• **WHAT IS NEEDED**
The printed result should hold only the lines from the opening of the data through the line bearing "Additionally, a servo", exactly as given and without pictures.

• **RECORDED INFORMATION**
=======

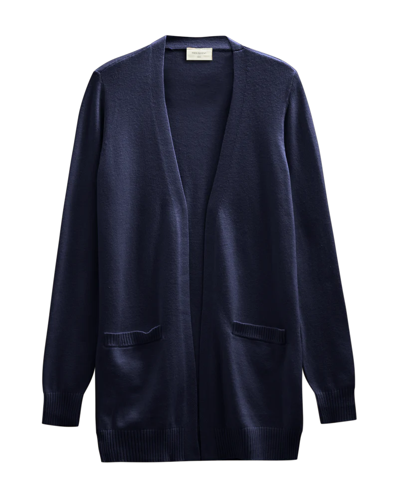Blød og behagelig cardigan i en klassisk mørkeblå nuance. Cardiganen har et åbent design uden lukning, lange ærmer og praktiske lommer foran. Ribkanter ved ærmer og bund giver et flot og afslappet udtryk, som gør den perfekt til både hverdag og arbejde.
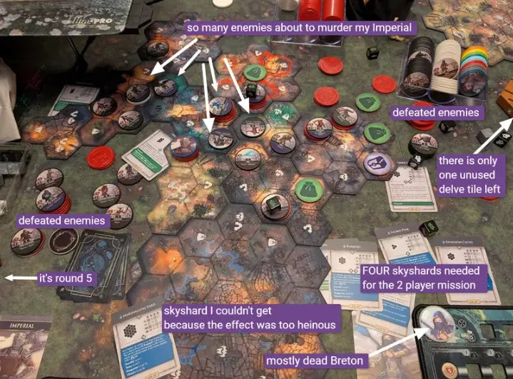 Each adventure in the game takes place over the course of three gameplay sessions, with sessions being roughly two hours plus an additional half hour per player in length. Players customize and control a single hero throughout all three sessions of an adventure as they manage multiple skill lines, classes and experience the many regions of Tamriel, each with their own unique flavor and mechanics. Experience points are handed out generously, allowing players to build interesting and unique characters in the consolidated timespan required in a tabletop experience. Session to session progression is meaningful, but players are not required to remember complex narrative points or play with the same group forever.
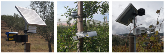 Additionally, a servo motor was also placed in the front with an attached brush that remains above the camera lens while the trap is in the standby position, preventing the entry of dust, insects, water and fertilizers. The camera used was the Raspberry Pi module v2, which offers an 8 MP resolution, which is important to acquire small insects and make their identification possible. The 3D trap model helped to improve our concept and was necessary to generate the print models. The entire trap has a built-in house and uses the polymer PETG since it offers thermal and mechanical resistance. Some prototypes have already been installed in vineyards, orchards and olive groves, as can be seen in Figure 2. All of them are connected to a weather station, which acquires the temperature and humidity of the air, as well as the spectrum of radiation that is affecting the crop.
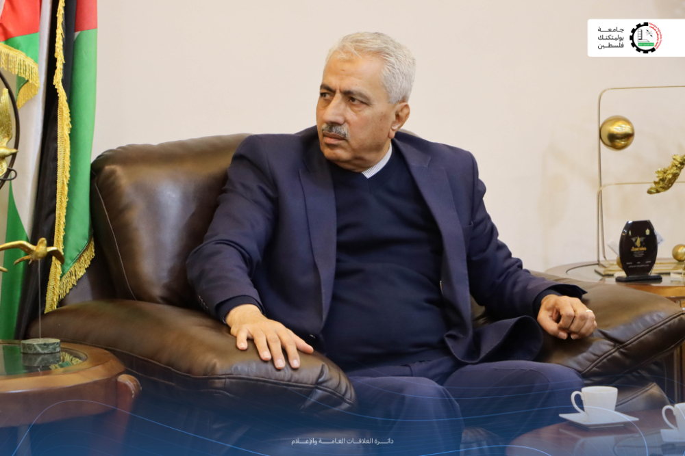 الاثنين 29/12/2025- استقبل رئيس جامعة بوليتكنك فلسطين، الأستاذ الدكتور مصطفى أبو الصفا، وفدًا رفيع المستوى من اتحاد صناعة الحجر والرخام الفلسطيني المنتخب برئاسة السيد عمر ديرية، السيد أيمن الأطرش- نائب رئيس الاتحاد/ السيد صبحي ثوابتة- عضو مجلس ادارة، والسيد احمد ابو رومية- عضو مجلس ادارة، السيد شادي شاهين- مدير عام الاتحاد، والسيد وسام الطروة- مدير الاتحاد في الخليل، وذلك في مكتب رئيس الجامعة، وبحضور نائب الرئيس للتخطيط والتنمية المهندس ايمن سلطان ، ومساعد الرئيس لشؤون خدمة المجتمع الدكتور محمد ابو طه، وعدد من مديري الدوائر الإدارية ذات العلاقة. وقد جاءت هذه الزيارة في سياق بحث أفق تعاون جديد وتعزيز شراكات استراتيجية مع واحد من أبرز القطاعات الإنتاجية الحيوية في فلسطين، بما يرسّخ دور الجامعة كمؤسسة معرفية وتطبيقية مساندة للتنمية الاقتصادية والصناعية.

=======

• **TASK SOLUTION**
Blød og behagelig cardigan i en klassisk mørkeblå nuance. Cardiganen har et åbent design uden lukning, lange ærmer og praktiske lommer foran. Ribkanter ved ærmer og bund giver et flot og afslappet udtryk, som gør den perfekt til både hverdag og arbejde.
 Each adventure in the game takes place over the course of three gameplay sessions, with sessions being roughly two hours plus an additional half hour per player in length. Players customize and control a single hero throughout all three sessions of an adventure as they manage multiple skill lines, classes and experience the many regions of Tamriel, each with their own unique flavor and mechanics. Experience points are handed out generously, allowing players to build interesting and unique characters in the consolidated timespan required in a tabletop experience. Session to session progression is meaningful, but players are not required to remember complex narrative points or play with the same group forever.
 Additionally, a servo motor was also placed in the front with an attached brush that remains above the camera lens while the trap is in the standby position, preventing the entry of dust, insects, water and fertilizers. The camera used was the Raspberry Pi module v2, which offers an 8 MP resolution, which is important to acquire small insects and make their identification possible. The 3D trap model helped to improve our concept and was necessary to generate the print models. The entire trap has a built-in house and uses the polymer PETG since it offers thermal and mechanical resistance. Some prototypes have already been installed in vineyards, orchards and olive groves, as can be seen in Figure 2. All of them are connected to a weather station, which acquires the temperature and humidity of the air, as well as the spectrum of radiation that is affecting the crop.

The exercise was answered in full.